L’idea è questa: Taiwan vuole l’indipendenza, la Repubblica Popolare Cinese è incazzatissima perché non l’accettano. Ergo, Pechino vuole passare all’azione e invadere l’isola, ma vuole farlo con stile. Nel 2027 si celebra, infatti, l’anniversario delle forze armate cinesi; quale occasione migliore per mostrare i muscoli al resto del Mondo e invadere un baluardo della democrazia occidentale come Taiwan?
Tralasciando il fatto che l’invasione cinese di Taiwan è impossibile al pari dell’invasione italiana della Sardegna, visto che il diritto internazionale riconosce l’appartenenza di Formosa alla Repubblica Popolare Cinese da cinquant’anni, possiamo concentrarci sul sottotesto: noi occidentali, che la guerra la sappiamo fare bene, ragioniamo in termini tattici o strategici; a loro, invece, essendo orientali schiavi di un regime comunista e sanguinario, interessa solo flexare. L’occupazione di Taiwan non sarebbe il risultato di un piano militare coordinato (che potrebbe avvenire domani, nel 2027, o mai) ma solo una pagliacciata al fine di accendere una candelina in più sulla torta di compleanno delle forze armate.

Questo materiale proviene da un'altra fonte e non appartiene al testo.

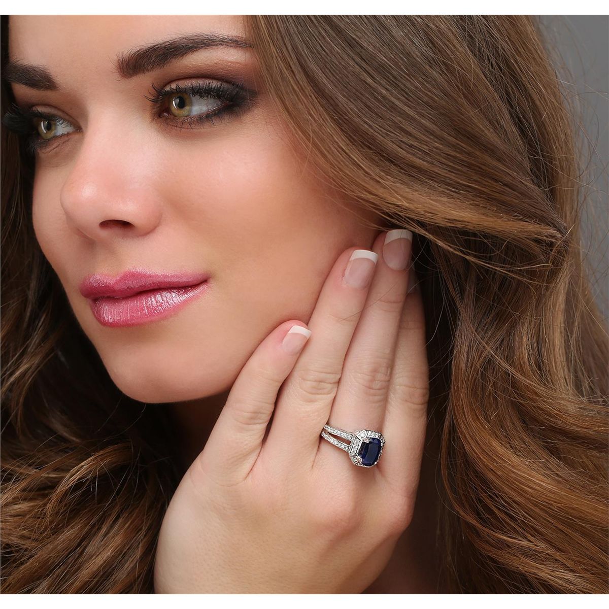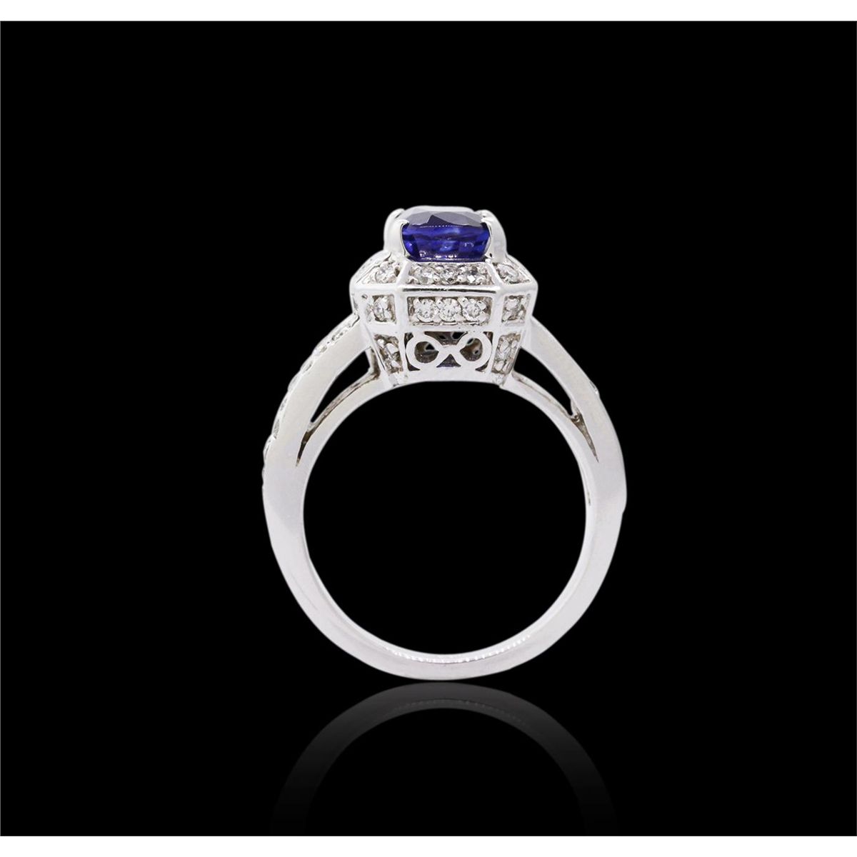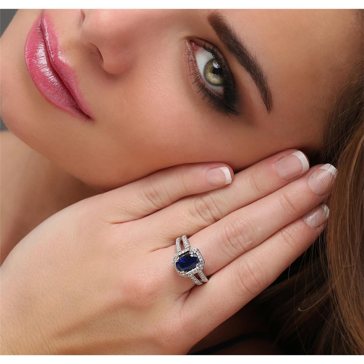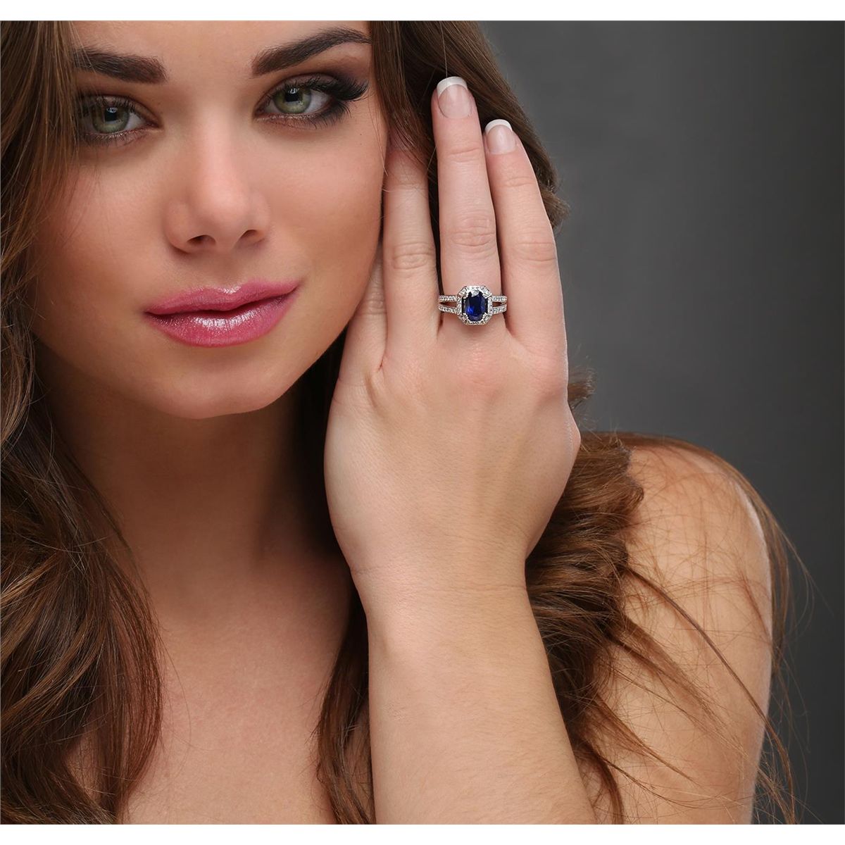 One electronically tested 14KT white gold ladies cast sapphire and diamond ring. The featured sapphire is set within a diamond bezel supported by diamond set split shoulders, completed by a two millimeter wide band with milgrain detailing. Identified with markings of "14K". Condition is new, good workmanship. Containing: One prong set oval mixed cut natural blue sapphire, measuring 9.89 x 6.20 x 5.58mm, 6% bulge factor, approximate weight of 3.06ct., clarity is slightly included, type II, dark, moderately strong, blue color, (GIA B 7/4), cut is good. Transmitting light with a minimum of distortion, transparent. Naturally occurring internal & external characteristics are present. Indications of heating. GIA Sapphire Report attached. Graded in the GIA Laboratory, Report #2161665446.Seventy-Four prong set round brilliant cut diamonds, measuring 1.50 - 1.40 x 0.87mm (depth est.) approximate total weight of 74 Stones = 0.92ct. Graded in the setting. Clarity: SI-1 to I-1. Color: G - I. Total Weight of Colored Stones 3.06ct. Total Weight of Diamonds 0.92ct. Total Weight of Ring 9.06 grams. AIG Appraised at $10,360.00.

La sindrome cinese raggiunge il suo apice in questo quadretto macchiettistico, con l'occupazione di un'isola programmata con il countdown, in modo che tutti i nemici della Cina sappiano esattamente il giorno e l'ora dell'attacco con due anni di anticipo. Una strategia militare, qualora esistesse, degna di un film di Woody Allen, che se non verrà portata avanti (si affretta a specificare l'articolo) è solo perché «Xi Jinping sa bene che le sue forze non sarebbero operativamente pronte a tentare l’occupazione dell’isola e che un tentativo di sbarco scatenerebbe la reazione degli Stati Uniti». Eccoci arrivati alla quadratura del cerchio: la Cina è pericolosa, armata fino ai denti, pronta a invadere il "mondo libero", ma non è nemmeno in grado di difendere i propri confini da ingerenze esterne. I cinesi o sono stupidi o sono incapaci, e il fatto che né l'una né l'altra cosa potrebbe contribuire a renderli pericolosi non è nemmeno considerato dalle mirabolanti narrazioni filo-occidentali.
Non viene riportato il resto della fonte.